"This will be glorious news for Nell," Jack said, happily. Then the gladness went out of his face. "Now, we must think about you." He grinned ruefully. "I'll have to be trying to do for you what you've done for me."

The sheriff of Malamute regarded the young man jovially.

"Now, don't you worry a mite—not a mite, my lad," he said genially, clapping Jack Reeves on the back. "We'll have a court a-sittin' in this blessed saloon in about five minutes, with a judge and a jury all regular. From what the boys have been a tellin' me, it seems perfectly clear that the prisoner just naturally shot Dan McGrew in self-defense." He beamed good-naturedly on Jim. "I calculate, the sooner you're tried, the better you'd like it, and have the thing off your mind like."

His prisoner smiled in return.

"It can't be too quickly to suit me," he declared. As a matter of fact, the amiable manner of the officer, as well as the suggestion itself, afforded Jim Maxwell immense relief. Until within the hour, he had had no concern as to his fate. He had determined to take the law in his own hands in order to rid the world of a scoundrel. He had not troubled to think that his act might involve himself in destruction. But a change had been wrought in his attitude. That change had had its origin in the discovery of Lou. Her presence had turned his thoughts at the very outset to new hopes of happiness. He himself had scarcely realized this, until, with the approach of the sheriff, he awoke to appreciation of the fact that he stood in peril of his life. He had not been able to guess what the mood of these men might be toward him, a stranger to them, who had come among them to kill one whom they did know.
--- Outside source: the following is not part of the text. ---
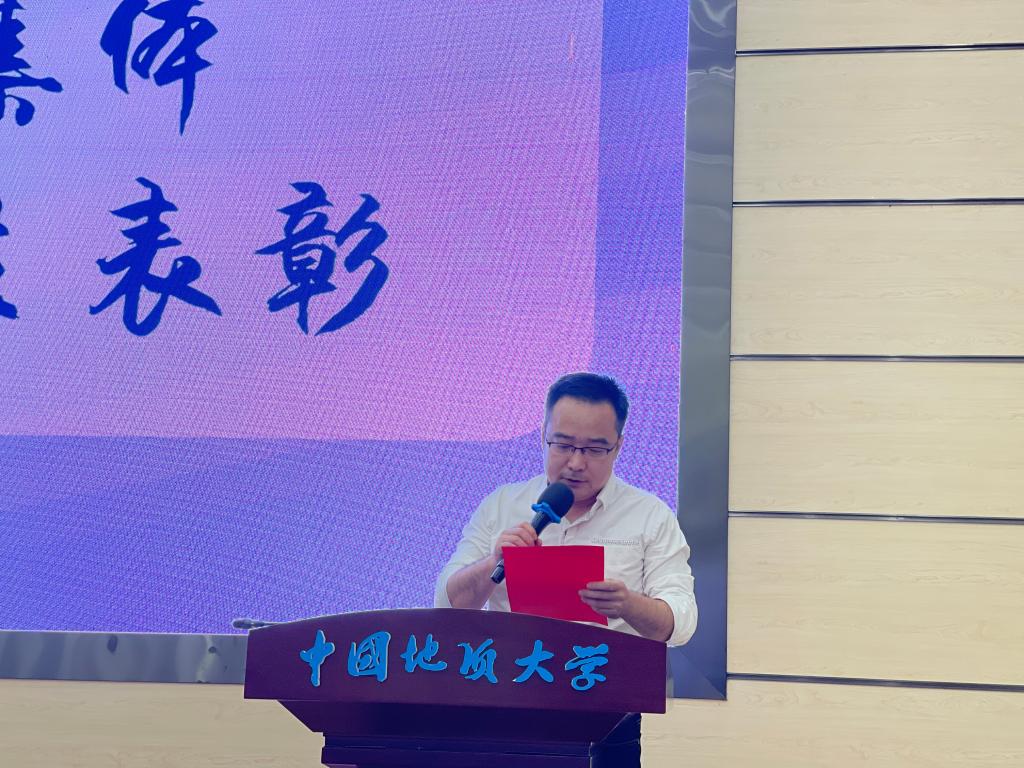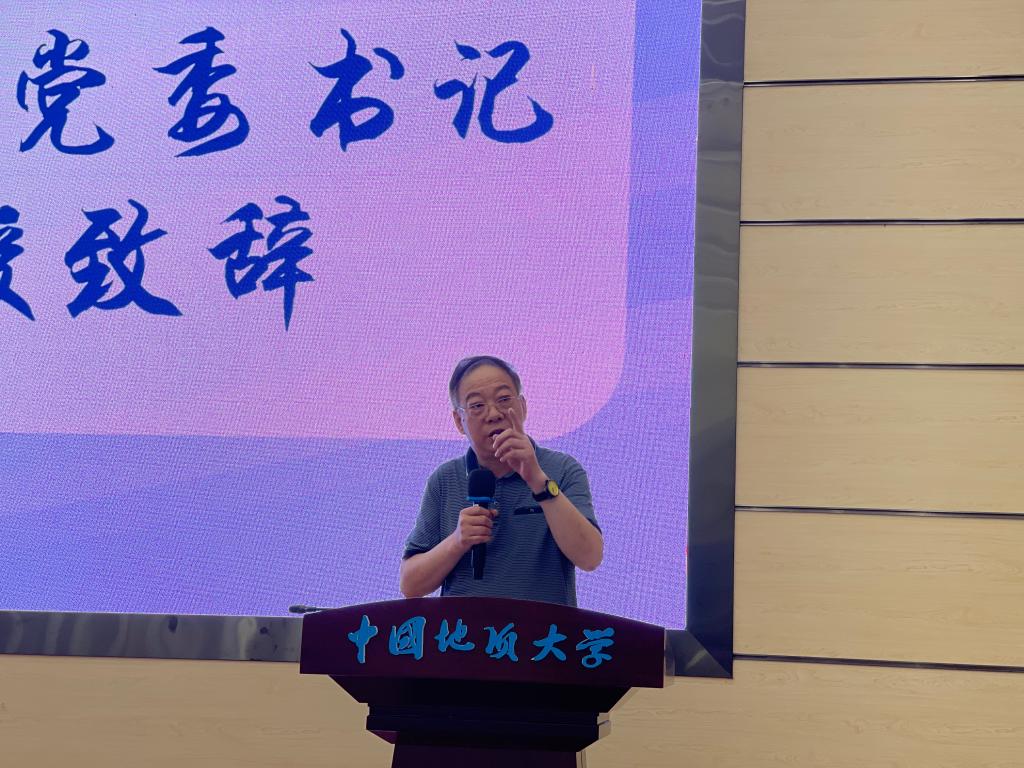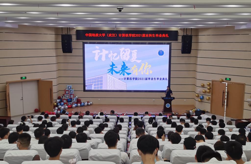 计算机公司党委书记吕军上台致词,他首先向2021届全体毕业生表示热烈的祝贺和诚挚的祝福,并希望在今后的岁月中,大家能够继续弘扬“艰苦朴素,求真务实”的地大精神,一直铭记计科人的精神,做“四有”青年,在未来的人生中脚踏实地,创造辉煌!

Though he concealed it, he had experienced a considerable trepidation concerning the outcome. He was gratified accordingly now over the sheriff's announcement, which manifested the kindly disposition of the crowd toward him.... He turned to Jack.

"Go to Nell and her mother," he directed, "and keep them away from here. Tell Nell that your innocence has been proved." As the young man turned away, half in reluctance half in eagerness, Jim addressed the sheriff gravely:

"And now, sir, I am at your service."

The trial was of record shortness, but, in its way, it was formal, and it had the sanction of the law. There were no pleas, only the taking of evidence and the rendering of the verdict, on which the jury decided without leaving their places.

The verdict was justifiable homicide in self-defense.